地下通路は、狭く、暗く、湿っていた。壁は、湿った土と苔で覆われ、所々にクモの巣が張っている。天井からは、水滴がポタポタと落ちてきて、不気味な音を立てている。空気は冷たく、カビ臭い匂いが鼻をつく。彼らは、懐中電灯の光を頼りに、ゆっくりと進んでいく。

しばらく歩くと、プチが突然、


「ピッ!何かいる!ピッ!」


と叫んだ。

翔たちは、プチの声に驚き、立ち止まった。


「どうした、プチ?」


アヤが尋ねた。


「ピッ…大きな…ネズミ…ピッ…!」


プチは、震える声で言った。

翔は、懐中電灯で通路の奥を照らした。

すると、そこには巨大なネズミの群れがいた。奴らは、目を赤く光らせ、牙を剥き出しにして、翔たちを威嚇している。ネズミたちは、薄汚れた毛並みで、大きさは猫ほどもある。彼らの鋭い爪は、闇の中で不気味に輝いている。


「うわあああ!」


アヤは、悲鳴を上げた。


「ピッ!怖いよ、アヤ。ピッ!」


プチは、アヤにしがみつき、震えていた。


「大丈夫だよ、プチ。私が守ってあげる。」


アヤは、プチを優しく抱きしめた。

ネズミたちは、翔たちに襲いかかってきた。


「きゃあああ!」


エレーヌも、悲鳴を上げた。


「落ち着け、みんな!」


翔は、叫んだ。


「マックス、何か方法はないか?」


「ええっと…」


マックスは、少し考えてから言った。


「私の体には、超音波を発生させる装置が搭載されている。
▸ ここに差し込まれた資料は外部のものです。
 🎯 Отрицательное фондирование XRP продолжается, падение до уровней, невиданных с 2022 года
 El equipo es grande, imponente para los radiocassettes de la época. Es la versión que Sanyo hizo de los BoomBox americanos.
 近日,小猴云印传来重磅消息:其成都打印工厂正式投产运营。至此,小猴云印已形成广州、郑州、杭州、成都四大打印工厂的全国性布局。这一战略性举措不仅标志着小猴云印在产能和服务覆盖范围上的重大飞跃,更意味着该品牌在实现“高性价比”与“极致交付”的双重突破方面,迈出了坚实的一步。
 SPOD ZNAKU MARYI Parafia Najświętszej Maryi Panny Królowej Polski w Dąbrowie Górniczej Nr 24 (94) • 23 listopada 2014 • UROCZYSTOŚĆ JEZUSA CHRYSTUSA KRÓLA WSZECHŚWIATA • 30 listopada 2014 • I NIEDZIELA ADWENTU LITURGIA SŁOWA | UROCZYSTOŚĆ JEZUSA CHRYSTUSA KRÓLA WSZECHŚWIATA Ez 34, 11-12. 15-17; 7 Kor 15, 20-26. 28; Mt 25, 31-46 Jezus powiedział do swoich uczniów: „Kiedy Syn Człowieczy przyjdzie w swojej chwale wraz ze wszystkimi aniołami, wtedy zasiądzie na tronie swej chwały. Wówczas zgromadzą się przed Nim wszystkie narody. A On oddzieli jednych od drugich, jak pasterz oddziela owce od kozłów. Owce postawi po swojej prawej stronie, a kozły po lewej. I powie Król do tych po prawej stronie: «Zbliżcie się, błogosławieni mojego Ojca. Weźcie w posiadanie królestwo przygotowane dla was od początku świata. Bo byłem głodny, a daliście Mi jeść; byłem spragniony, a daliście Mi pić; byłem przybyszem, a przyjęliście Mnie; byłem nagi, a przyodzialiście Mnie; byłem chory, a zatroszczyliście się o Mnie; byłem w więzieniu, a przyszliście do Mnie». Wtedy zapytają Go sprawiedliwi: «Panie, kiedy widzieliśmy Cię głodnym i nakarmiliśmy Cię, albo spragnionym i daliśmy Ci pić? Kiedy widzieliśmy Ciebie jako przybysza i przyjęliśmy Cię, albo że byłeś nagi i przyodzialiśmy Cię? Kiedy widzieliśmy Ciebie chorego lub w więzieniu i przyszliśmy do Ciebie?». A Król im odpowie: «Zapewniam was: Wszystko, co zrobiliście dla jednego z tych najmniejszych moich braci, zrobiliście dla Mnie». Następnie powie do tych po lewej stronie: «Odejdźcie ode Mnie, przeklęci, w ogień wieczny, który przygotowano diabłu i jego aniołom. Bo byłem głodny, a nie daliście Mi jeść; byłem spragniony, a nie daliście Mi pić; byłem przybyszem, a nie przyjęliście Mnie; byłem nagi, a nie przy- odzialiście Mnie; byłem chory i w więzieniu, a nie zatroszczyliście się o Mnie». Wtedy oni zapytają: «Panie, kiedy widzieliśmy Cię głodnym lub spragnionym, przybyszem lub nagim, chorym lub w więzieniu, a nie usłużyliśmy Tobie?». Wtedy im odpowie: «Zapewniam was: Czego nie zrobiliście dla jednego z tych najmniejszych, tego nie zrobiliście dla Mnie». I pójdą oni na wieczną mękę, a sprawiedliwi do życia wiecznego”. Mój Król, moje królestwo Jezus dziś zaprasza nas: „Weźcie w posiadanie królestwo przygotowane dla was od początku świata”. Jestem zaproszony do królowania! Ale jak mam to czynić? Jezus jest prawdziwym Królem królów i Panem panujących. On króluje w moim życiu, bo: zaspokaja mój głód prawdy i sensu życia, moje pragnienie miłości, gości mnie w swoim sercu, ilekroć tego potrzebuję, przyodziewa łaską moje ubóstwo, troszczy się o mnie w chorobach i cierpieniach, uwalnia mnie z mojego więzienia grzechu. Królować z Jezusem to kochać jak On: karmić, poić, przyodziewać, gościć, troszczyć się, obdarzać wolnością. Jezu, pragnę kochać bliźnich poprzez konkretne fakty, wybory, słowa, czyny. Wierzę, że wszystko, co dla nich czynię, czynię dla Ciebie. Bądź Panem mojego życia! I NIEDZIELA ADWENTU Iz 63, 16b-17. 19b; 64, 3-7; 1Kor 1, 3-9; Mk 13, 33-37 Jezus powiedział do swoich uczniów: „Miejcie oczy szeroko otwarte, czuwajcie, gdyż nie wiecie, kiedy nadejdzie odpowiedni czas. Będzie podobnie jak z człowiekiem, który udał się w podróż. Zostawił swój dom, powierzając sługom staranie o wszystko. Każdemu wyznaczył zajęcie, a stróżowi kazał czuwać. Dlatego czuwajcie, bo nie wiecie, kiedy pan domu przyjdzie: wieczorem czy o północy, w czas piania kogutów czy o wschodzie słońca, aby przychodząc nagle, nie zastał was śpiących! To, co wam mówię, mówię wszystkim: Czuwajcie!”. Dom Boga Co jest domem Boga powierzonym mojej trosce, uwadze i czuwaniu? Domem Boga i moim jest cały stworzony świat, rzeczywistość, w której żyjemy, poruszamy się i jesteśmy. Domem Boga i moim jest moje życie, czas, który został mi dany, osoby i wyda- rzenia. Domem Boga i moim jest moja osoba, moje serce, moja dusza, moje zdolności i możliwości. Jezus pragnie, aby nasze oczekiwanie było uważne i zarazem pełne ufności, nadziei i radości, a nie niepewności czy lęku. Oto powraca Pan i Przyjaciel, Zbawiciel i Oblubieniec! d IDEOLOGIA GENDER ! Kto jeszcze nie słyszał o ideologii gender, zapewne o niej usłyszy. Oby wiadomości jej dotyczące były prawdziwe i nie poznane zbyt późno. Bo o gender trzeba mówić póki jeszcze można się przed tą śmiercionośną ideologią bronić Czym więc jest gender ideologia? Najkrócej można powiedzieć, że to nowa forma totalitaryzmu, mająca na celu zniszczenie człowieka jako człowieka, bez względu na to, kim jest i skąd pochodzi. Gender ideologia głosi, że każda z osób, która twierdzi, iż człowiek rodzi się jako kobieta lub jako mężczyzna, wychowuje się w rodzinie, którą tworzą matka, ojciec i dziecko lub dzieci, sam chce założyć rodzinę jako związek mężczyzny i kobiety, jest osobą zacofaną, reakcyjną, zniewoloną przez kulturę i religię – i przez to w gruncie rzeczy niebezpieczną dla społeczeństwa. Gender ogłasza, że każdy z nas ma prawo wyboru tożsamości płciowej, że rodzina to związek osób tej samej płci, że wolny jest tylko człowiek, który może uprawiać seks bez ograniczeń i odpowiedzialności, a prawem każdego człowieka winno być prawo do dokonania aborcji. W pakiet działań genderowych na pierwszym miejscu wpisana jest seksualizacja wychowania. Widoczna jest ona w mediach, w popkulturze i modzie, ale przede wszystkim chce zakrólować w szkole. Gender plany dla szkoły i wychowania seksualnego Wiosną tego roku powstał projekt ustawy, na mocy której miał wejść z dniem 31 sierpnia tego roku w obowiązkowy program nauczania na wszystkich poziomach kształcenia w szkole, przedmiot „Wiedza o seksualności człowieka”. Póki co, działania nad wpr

それを使えば、ネズミたちを追い払うことができるかもしれない。」


「頼む、マックス!」


翔は、マックスにお願いした。

マックスは、体から超音波を発生させた。目には見えない超音波が地下通路に響き渡り、ネズミたちの耳を攻撃する。ネズミたちは苦しそうに耳を塞ぎ、逃げ惑う。


「やった!」


翔は、安堵した。


「ありがとう、マックス。」


「どういたしまして、翔。」


マックスは、微笑んだ。

翔たちは、再び通路を進み始めた。

そしてついに、通路の先に光が見えた。


「あれは…?」


翔は、光に向かって進んでいった。